#### Goal of the exercise
Give the lines below again exactly, starting with the line that holds "Kodim0316] Babinsa Kelurahan" and going on through the line that holds "rilievo. Condizioni perfette.".

#### Provided records
┄┄┄┄┄┄
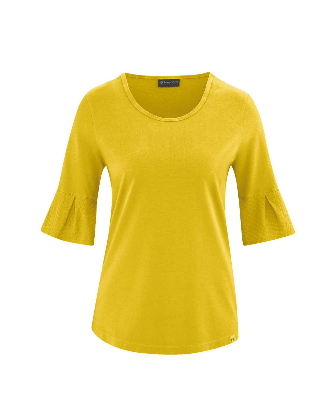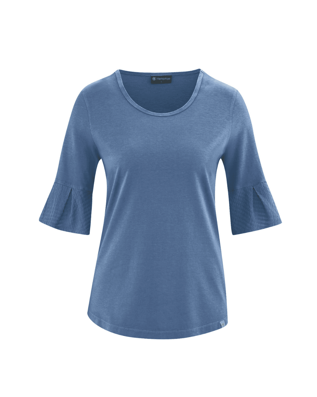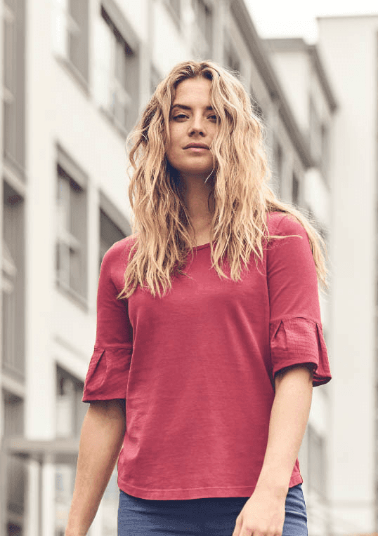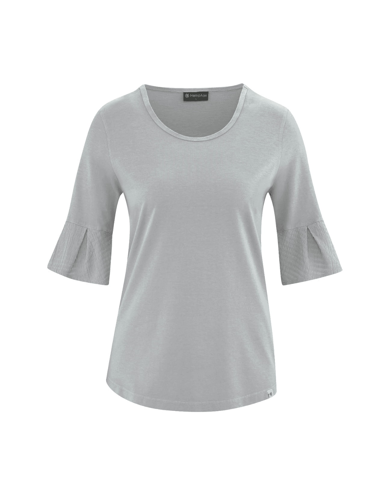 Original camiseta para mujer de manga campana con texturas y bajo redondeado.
┄┄┄┄┄┄
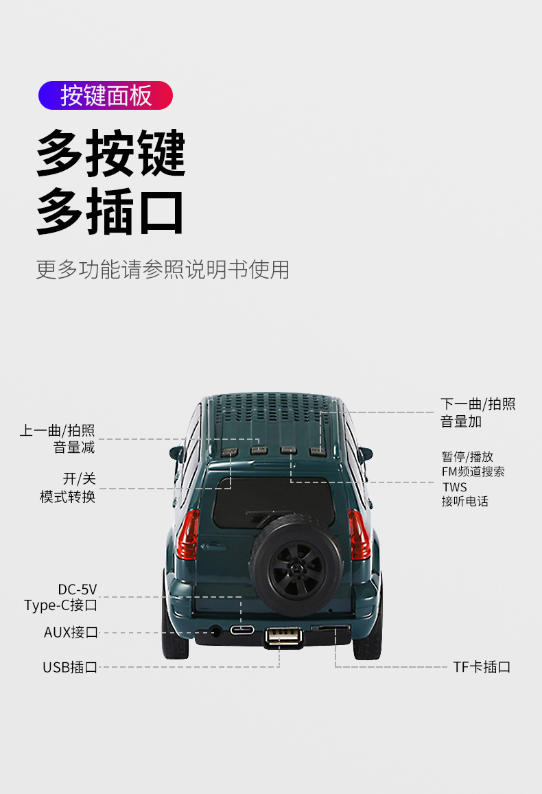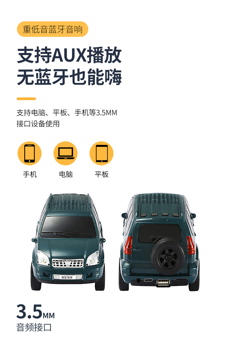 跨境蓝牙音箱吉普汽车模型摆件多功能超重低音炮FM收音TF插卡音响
┄┄┄┄┄┄
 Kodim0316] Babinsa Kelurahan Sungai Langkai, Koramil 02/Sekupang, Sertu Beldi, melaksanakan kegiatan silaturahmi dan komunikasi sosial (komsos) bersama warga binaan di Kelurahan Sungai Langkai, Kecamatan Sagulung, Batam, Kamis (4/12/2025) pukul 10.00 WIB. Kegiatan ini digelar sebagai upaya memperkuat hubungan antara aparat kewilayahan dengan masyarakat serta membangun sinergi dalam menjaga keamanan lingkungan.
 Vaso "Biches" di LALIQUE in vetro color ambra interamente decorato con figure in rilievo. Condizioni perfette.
┄┄┄┄┄┄
#### Reply to the exercise
 Kodim0316] Babinsa Kelurahan Sungai Langkai, Koramil 02/Sekupang, Sertu Beldi, melaksanakan kegiatan silaturahmi dan komunikasi sosial (komsos) bersama warga binaan di Kelurahan Sungai Langkai, Kecamatan Sagulung, Batam, Kamis (4/12/2025) pukul 10.00 WIB. Kegiatan ini digelar sebagai upaya memperkuat hubungan antara aparat kewilayahan dengan masyarakat serta membangun sinergi dalam menjaga keamanan lingkungan.
 Vaso "Biches" di LALIQUE in vetro color ambra interamente decorato con figure in rilievo. Condizioni perfette.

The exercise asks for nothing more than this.